• [Data extract]
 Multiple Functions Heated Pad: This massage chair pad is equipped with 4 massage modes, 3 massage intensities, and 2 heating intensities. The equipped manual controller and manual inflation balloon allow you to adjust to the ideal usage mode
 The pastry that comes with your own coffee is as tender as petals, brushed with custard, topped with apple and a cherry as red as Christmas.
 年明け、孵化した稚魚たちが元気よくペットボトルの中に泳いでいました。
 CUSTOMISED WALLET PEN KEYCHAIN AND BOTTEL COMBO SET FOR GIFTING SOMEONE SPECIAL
==
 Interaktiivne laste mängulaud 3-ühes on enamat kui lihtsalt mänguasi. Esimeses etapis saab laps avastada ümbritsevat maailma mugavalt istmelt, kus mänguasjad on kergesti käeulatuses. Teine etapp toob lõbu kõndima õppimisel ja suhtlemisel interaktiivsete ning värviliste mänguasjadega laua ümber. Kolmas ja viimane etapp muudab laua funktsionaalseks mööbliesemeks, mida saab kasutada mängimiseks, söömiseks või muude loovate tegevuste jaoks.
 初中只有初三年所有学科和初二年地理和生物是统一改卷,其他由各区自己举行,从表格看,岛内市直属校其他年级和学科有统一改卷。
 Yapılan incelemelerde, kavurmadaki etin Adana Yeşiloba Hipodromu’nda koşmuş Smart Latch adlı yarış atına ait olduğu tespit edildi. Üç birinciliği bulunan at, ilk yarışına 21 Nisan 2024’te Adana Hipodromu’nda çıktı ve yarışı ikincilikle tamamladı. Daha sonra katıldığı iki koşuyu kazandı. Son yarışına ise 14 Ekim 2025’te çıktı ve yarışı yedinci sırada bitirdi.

• [Work order]
Considering only the data above, return the lines in which "with" occurs.

• [Task answer]
 Multiple Functions Heated Pad: This massage chair pad is equipped with 4 massage modes, 3 massage intensities, and 2 heating intensities. The equipped manual controller and manual inflation balloon allow you to adjust to the ideal usage mode
 The pastry that comes with your own coffee is as tender as petals, brushed with custard, topped with apple and a cherry as red as Christmas.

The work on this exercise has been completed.